### Instructions to follow
Copy the lines below exactly, starting at the one with "Silny koncentrat do" and ending at the one with "Do you love", and leave out any picture.

### Collected data

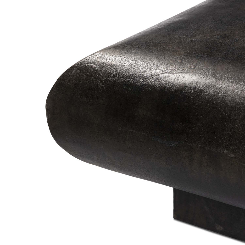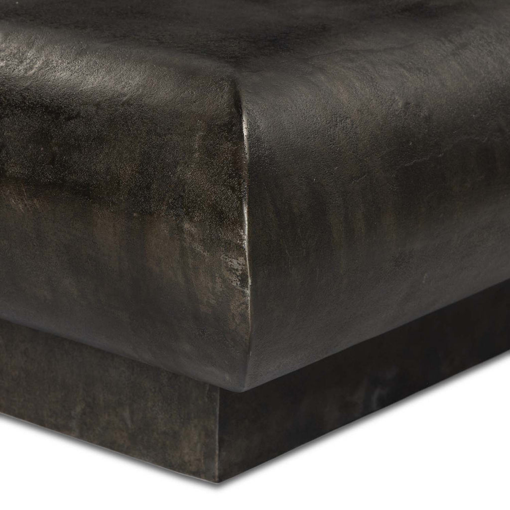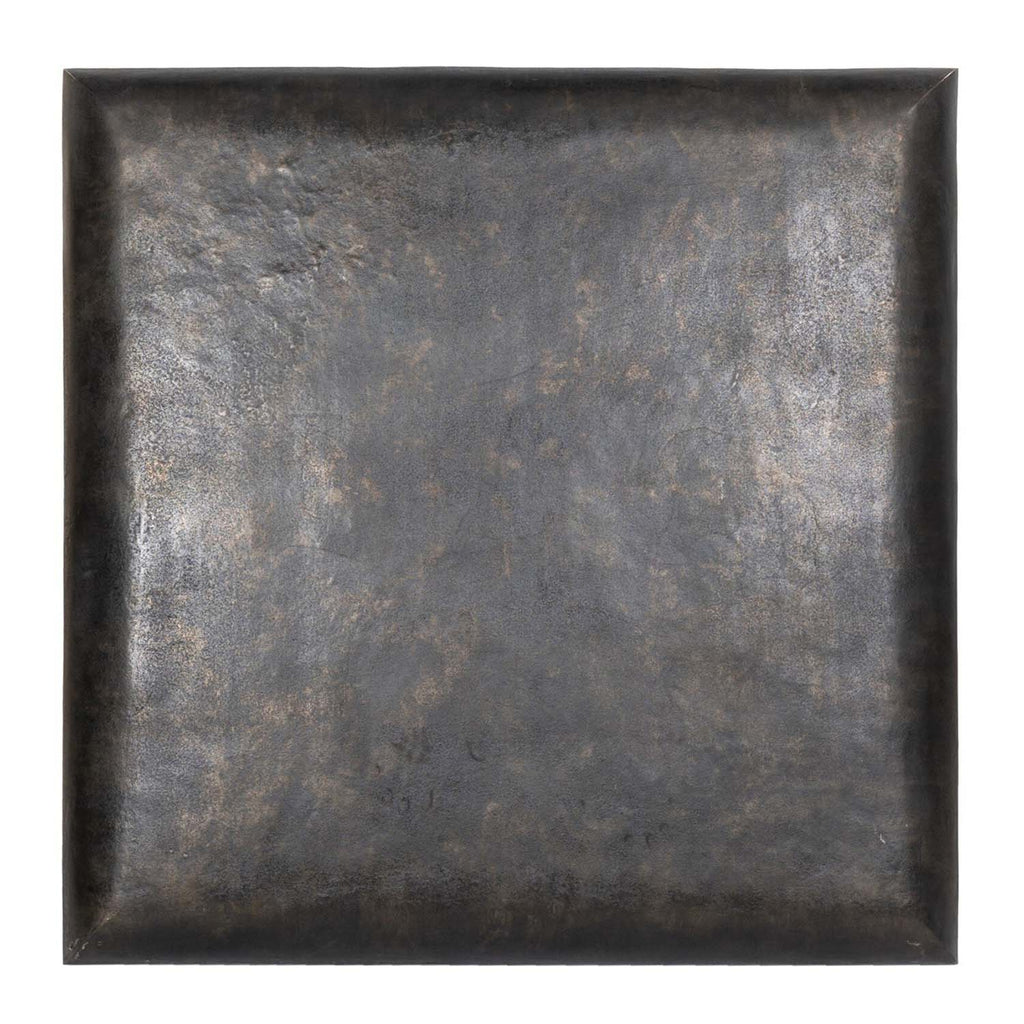 Finished in a distressed bronze with beautiful high and lows, cast aluminum shapes a softened square atop a plinth base — the perfect centerpiece for outdoor gatherings.
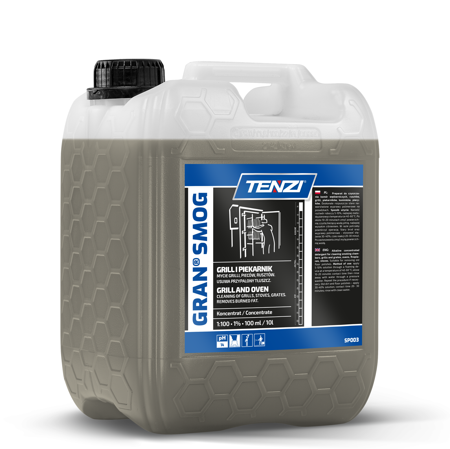 Silny koncentrat do czyszczenia tłustego brudu. Skutecznie usuwa przebarwienia i nagary, powstające podczas spalania tłuszczu, a także substancje smoliste i sadzę z urządzeń gastronomicznych typu piece, wędzarnie, grille, ruszty oraz kominki. Można stosować metodami: pianową, natryskową lub zanurzeniową. Zalecany również do zanieczyszczeń popożarowych ze wszystkich powierzchni. Idealne zastosowanie w warunkach przemysłowych. Usuwa nawet stare, kilkuletnie, nawarstwione wyprawy polimerowe. Zawiera inhibitory korozji. O neutralnym zapachu.
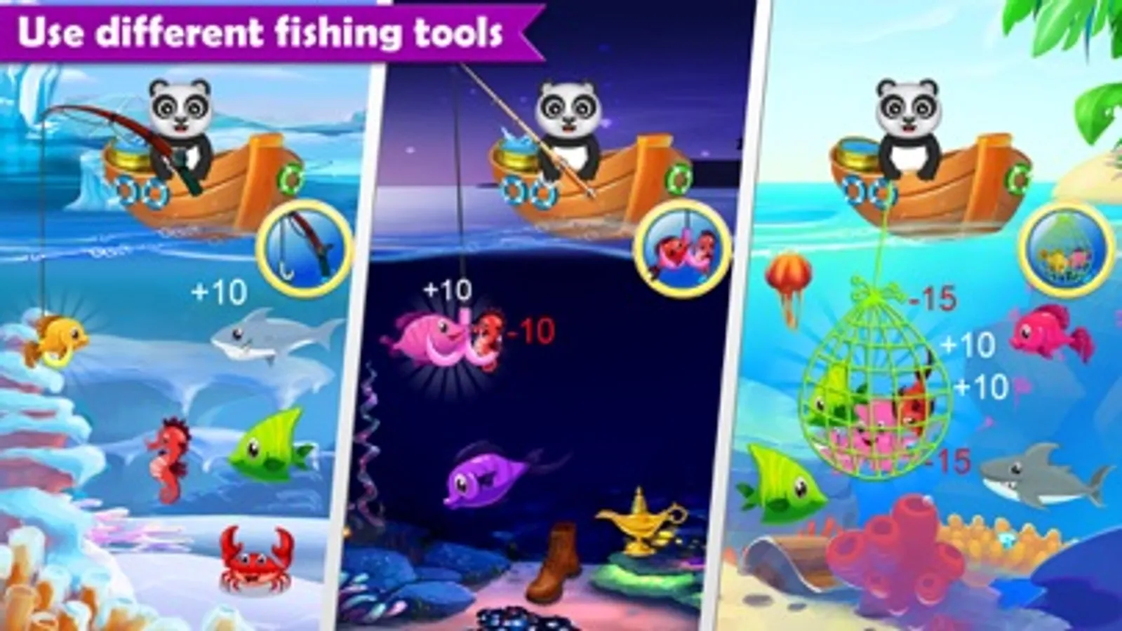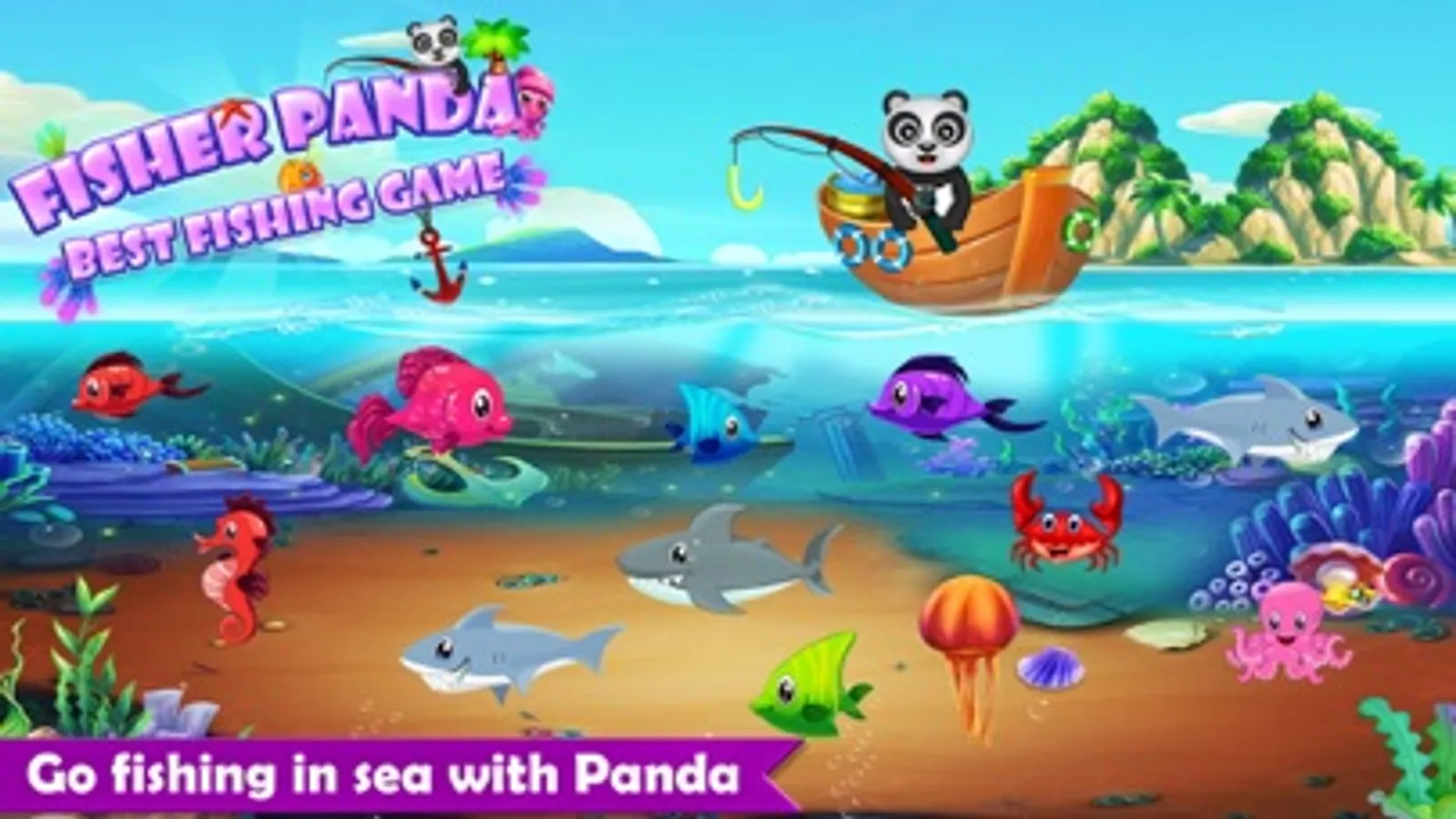 Do you love fishing? Like to explore the sea and sea creatures? There are lot of beautiful fish and other sea creatures waiting for you. Let’s go catch some fish with our Fisher Panda.
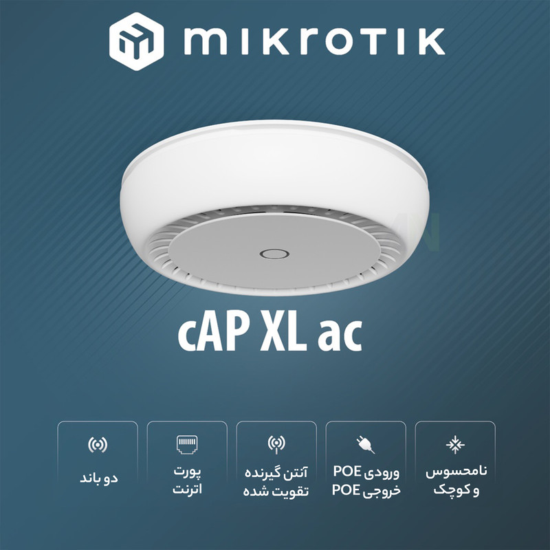 اکسس پوینت سقفی میکروتیک cAP XL ac با نام فنی RBcAPGi-5acD2nD-XL جدیدترین عضو این خانواده می باشد که در اواخر 2021 به بازار عرضه شد و می توان از این محصول قدرتمند برای پوشش وایرلس در تمام فضای خود استفاده کرد . باور داریم که قطعا به زودی در بازار از جایگاه خوبی برخوردار خواهد شد . سخت افزار بسیار مناسب ، کارکرد در دو باند به صورت همزمان ، قابلیت استفاده به عنوان سقفی ، پشتیبانی از POE و امکانات دیگر بسیار خوبی که در ادامه به آن می پردازیم باعث ایجاد محبوبیت برای این اکسس پوینت خواهد شد .اکسس پوینت سقفی میکروتیک cAP XL ac با قابلیت نصب بر روی سقف و دارا بودن ظاهری بزرگتر این امکان را در اختیار شما قرار خواهد داد که پوشش بسیار عالی در فضای خانه ، ویلا و یا محل کار خود داشته باشید . این اکسس پوینت از استاندارد 802.11a/b/g/n/ac پیروی می کند و توانایی پوشش در دو فرکانس 2.4 و 5.8 GHZ را با توان 400 میلی وات به صورت همزمان دارد . cAP XL ac دارای دو پورت اترنت 10/100/1000 می باشد که با توجه به داشتن استاندارد 802.3af/at بر روی POE توانایی داشتن خروجی POE OUT بر روی پورت دوم تا 57 ولت را دارد .اکسس پوینت سقفی میکروتیک cAP XL ac دارای ظرفیت چند برابری نسبت به محصولات قبل از خود می باشد و تفاوت قیمت زیادی با آنها نیز نخواهد داشت پس به همین دلیل توصیه می گردد در صورتی که نیاز به یک پوشش عالی دارید از این محصول بهره ببرید .

### Exercise response
 Silny koncentrat do czyszczenia tłustego brudu. Skutecznie usuwa przebarwienia i nagary, powstające podczas spalania tłuszczu, a także substancje smoliste i sadzę z urządzeń gastronomicznych typu piece, wędzarnie, grille, ruszty oraz kominki. Można stosować metodami: pianową, natryskową lub zanurzeniową. Zalecany również do zanieczyszczeń popożarowych ze wszystkich powierzchni. Idealne zastosowanie w warunkach przemysłowych. Usuwa nawet stare, kilkuletnie, nawarstwione wyprawy polimerowe. Zawiera inhibitory korozji. O neutralnym zapachu.
 Do you love fishing? Like to explore the sea and sea creatures? There are lot of beautiful fish and other sea creatures waiting for you. Let’s go catch some fish with our Fisher Panda.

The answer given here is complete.